The controller 170 may be a rugged controller suitable for drilling operations and may have access to programs for maintaining the wellbore pressure at under-balance condition, at at-balance condition or at over-balanced condition. The controller 170 includes one or more processors that process signals from the various sensors in the drilling assembly 150 and also controls their operations. The data provided by these sensors S1-Sn and control signals transmitted by the controller 170 to control downhole devices, such as devices 150 and 160, are communicated by suitable two-way telemetry units 180a and 180b. The controller 170 may be coupled to appropriate memory, programs and peripherals 172 used to access and run the system 100. Also, a separate processor may be used for any sensor or device. Each sensor may also have additional circuitry for its unique operations. The controllers 170 and 190 are used herein in the generic sense for simplicity and ease of understanding and not as a limitation because the use and operation of such controllers is known in the art. The controllers 170 and 190 include one or more microprocessors or micro-controllers for processing signals and data and for performing control functions, solid state memory units for storing programmed instructions, models (which may be interactive models) and data, and other necessary control circuits. The microprocessors control the operations of the various sensors, provide communication among the downhole sensors and provide two-way data and signal communication between the drilling assembly 150, downhole devices such as devices 160 and other devices in the drill string and the surface equipment via the two-way telemetry units 180a and 180b.

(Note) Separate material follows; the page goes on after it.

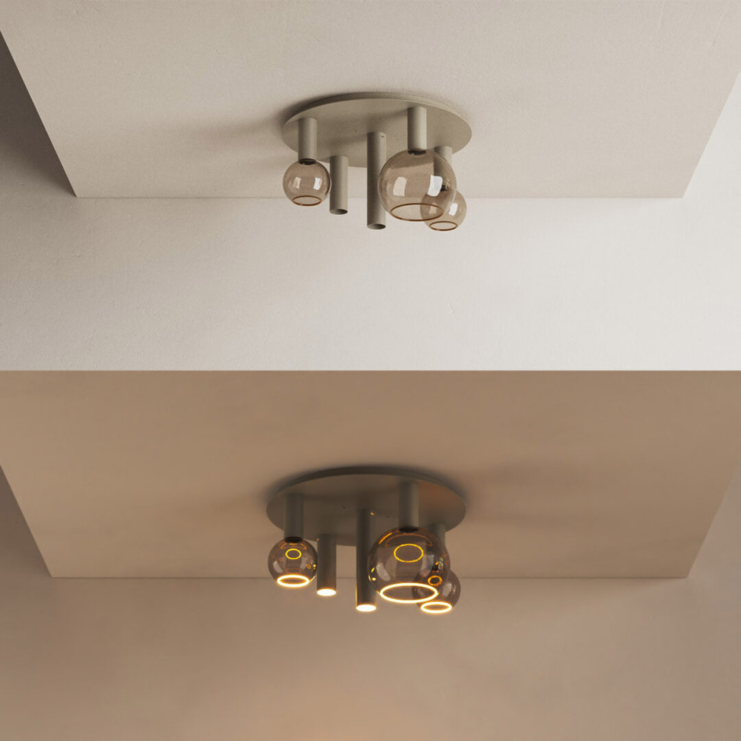 De Riva plafonnière is een moderne eyecatcher met een luxe uitstraling. De ronde open structuur in Quartz (een warme zand/beige tint) geeft de lamp een luchtige, elegante look die prachtig past in zowel rustige als stijlvolle interieurs. De speelse verdeling van vijf lichtpunten creëert een dynamisch lijnenspel dat meteen opvalt zonder te overheersen.

In aspects, during drilling, the downhole controller 190 may collect, process and transmit data to the surface controller 170, which controller further processes the data and transmits appropriate control signals downhole. Other variations for dividing data processing tasks and generating control signals may also be used. In general, however, during operation, the controller 170 receives information regarding a parameter of interest and adjusts one or more downhole devices and/or fluid circulation device 160 to provide the desired pressure or range of pressure in the vicinity of any zone of interest.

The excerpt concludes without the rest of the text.